Once the client is ready to go, you can start the processes with the following commands:
- Server: on repository1:
/usr/sbin/frisbeed -i 10.16.0.42 -m 224.0.0.5 -p 7060 -W 50000000 /var/lib/omf-images-5.2/ubuntu10.10.ndz -ddd
Where:- -i 10.16.0.42 : Interface to use for session
- -m 224.0.0.5 : Multicast address server/clients will use to send/receive disk image chunks, respectively
- -p 7060 : UDP port to use for session
- -W 50000000 : throughput in bps
- -ddd : verbose mode
- Client: on node1-2:
frisbee -i 10.16.1.2 -m 224.0.0.5 -p 7060 /dev/hda -ddd
Where the flags have the same meanings as for frisbeed. In the client's case,-ddd
will give you a bunch of run-time messages, as well as the summary at the end:Client 271061107 Performance: runtime: 3387.386 sec start delay: 0.000 sec real data written: 1039785984 (306993 Bps) effective data written: 12002000896 (3543549 Bps) Client 271061107 Params: chunk/block size: 1024/1024 chunk buffers: 64 disk buffering: 64MB readahead/inprogress: 2/8 recv timo/count: 30000/3 re-request delay: 1000000 writer idle delay: 1000 randomize requests: 1 Client 271061107 Stats: net thread idle/blocked: 6173/0 decompress thread idle/blocked: 1053451/0 disk thread idle: 1197 join/request msgs: 1/52576 dupblocks(chunk done): 1080 dupblocks(in progress): 31043 partial requests/blocks: 50501/18254631 re-requests: 50501
The above, in fact, was the result of the imaging process done with the configuration steps described in this page.
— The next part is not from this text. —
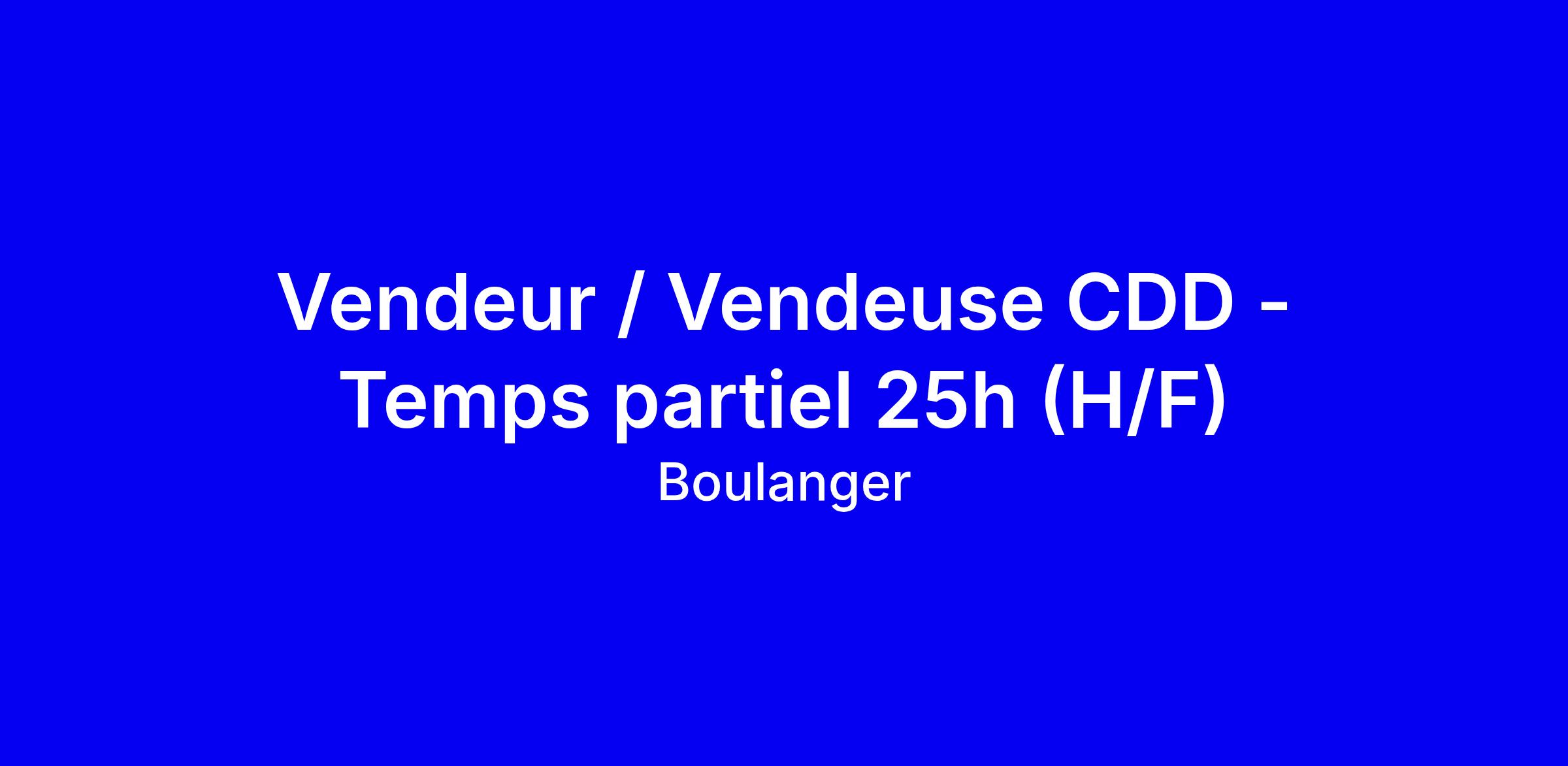 Offre de Vendeur / Vendeuse en CDD à temps partiel 25h chez Boulanger, vous êtes en première ligne du client, de la découverte du besoin à l’encaissement, avec une expérience complète et des rayons soignés. Notre singularité, c’est le client : une culture Pro, Simple et Sympa, axée sur l’engagement et l’innovation collective. Ce qui compte le plus: le sens du contact, l’envie d’aider le client et la curiosité pour progresser, tout en restant authentique. Conseils pour postuler : mettez en avant vos expériences de vente et de conseil, votre capacité à monter en gamme et à proposer des solutions, et votre appétit pour l’apprentissage. Rémunération fixe, variable, primes et avantages, dans un cadre inclusif et responsabilisant.

Note the runtime - 3387.386 sec, or approximately 56 min!
II Data collection
In addition to the steps above several other things were done for troubleshooting.
2.1 On kvm-big
- A trace of the control channel traffic can be observed with the command:
show switch 00:00:00:10:10:21:32:31 trace detail
Appending >> filename will spit the trace into a file in user bsn's home directory.
- The controller has a debug shell one can reach with command
debug bash
fromt he CLI. From here, a tcpdump session was started to sniff the control port:tcpdump -i eth0 -s 1514 -vvv not ether proto 0x88cc and not port 22 and port 6633 and not port 69 -w frisbee.pcap
The various filters remove LLDP, SSH, mDNS, and TFTP traffic, respectively, and the capture was saved to a file for later inspection.
2.2 On sw-sb-01
- Commands
showswitch
andshowflow
allow you to check the status of, and flows being pushed to, the device. - 'show cpu seconds` allows you to monitor switch CPU load:
sw-sb-02# show cpu seconds Date 2011/08/17 21:04:13 UTC *** second *** date time cpu average Aug 17 21:03:12-21:03:21 100 100 100 100 100 100 100 100 100 100 Aug 17 21:03:22-21:03:31 100 100 100 100 100 100 100 99 100 100 Aug 17 21:03:32-21:03:41 100 100 100 100 100 100 100 100 92 100 Aug 17 21:03:42-21:03:51 100 100 100 100 100 100 100 100 100 100 Aug 17 21:03:52-21:04:01 100 100 100 100 100 100 100 100 100 100 Aug 17 21:04:02-21:04:11 100 100 100 100 100 100 93 100 100 100
High load as seen above is bad. Expect normal load to be mostly single digits or in the teens.
1. I don't have a manual for the new OpenFlow features.